Priority: Major - P3
Affects Version/s: None
Fix Version/s: None
We are running a MongoDB instance on Azure VM with default settings. We notice that Azure VM tends to close socket connection if it's not active in several minutes. When we are trying to initial sync from MongoDB on Azure VM to another replica set member, syncing always fails because the connection will be dropped when there's no network traffic for several minutes (e.g., when the startup instance is building an index), and initial sync will start all over.
A sample log snippet:
[building index here...]
2017-08-17T19:06:30.632+0800 I NETWORK [rsSync] Socket recv() errno:10053 An established connection was aborted by the software in your host machine. [***.***.***.***:*****]
2017-08-17T19:06:30.632+0800 I NETWORK [rsSync] SocketException: remote: (NONE):0 error: 9001 socket exception [RECV_ERROR] server [***.***.***.***:*****]

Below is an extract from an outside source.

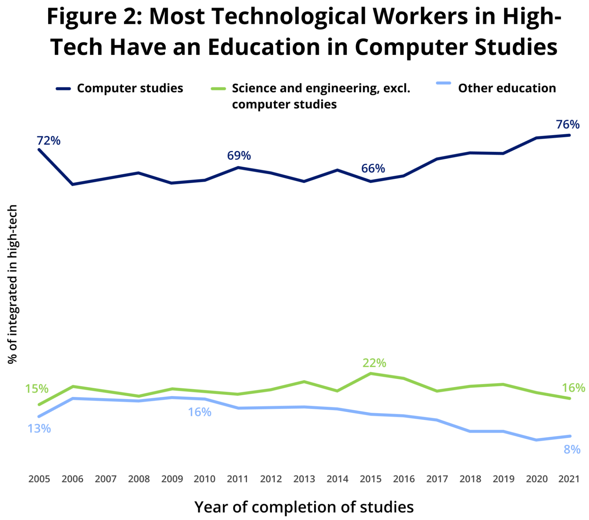 The main entry point to the high-tech industry continues to be computer studies. In fact, 72% of individuals with a degree in computer studies eventually join high-tech companies at some point in their career.

2017-08-17T19:06:30.632+0800 I NETWORK [rsSync] DBClientCursor::init call() failed
2017-08-17T19:06:30.640+0800 E REPL [rsSync] 13386 socket error for mapping query
2017-08-17T19:06:30.640+0800 E REPL [rsSync] initial sync attempt failed, 9 attempts remaining
2017-08-17T19:06:35.641+0800 I REPL [rsSync] initial sync pending
2017-08-17T19:06:35.643+0800 I REPL [ReplicationExecutor] syncing from: <HOSTNAME>:*****
2017-08-17T19:06:36.454+0800 I REPL [rsSync] initial sync drop all databases
2017-08-17T19:06:36.454+0800 I STORAGE [rsSync] dropAllDatabasesExceptLocal 14
2017-08-17T19:06:43.928+0800 I REPL [rsSync] initial sync clone all databases
For MongoDB client, this can be resolved by set MaxConnectionIdleTime, but it seems there's no way to configure the same for replica sets, and hence Azure users (if not tweaking OS settings) will find it hard to sync data to another replica set out of Azure VM.
Can we have an option to either specify max connection time for replica set, or make the initial sync not fail completely on a single connection failure?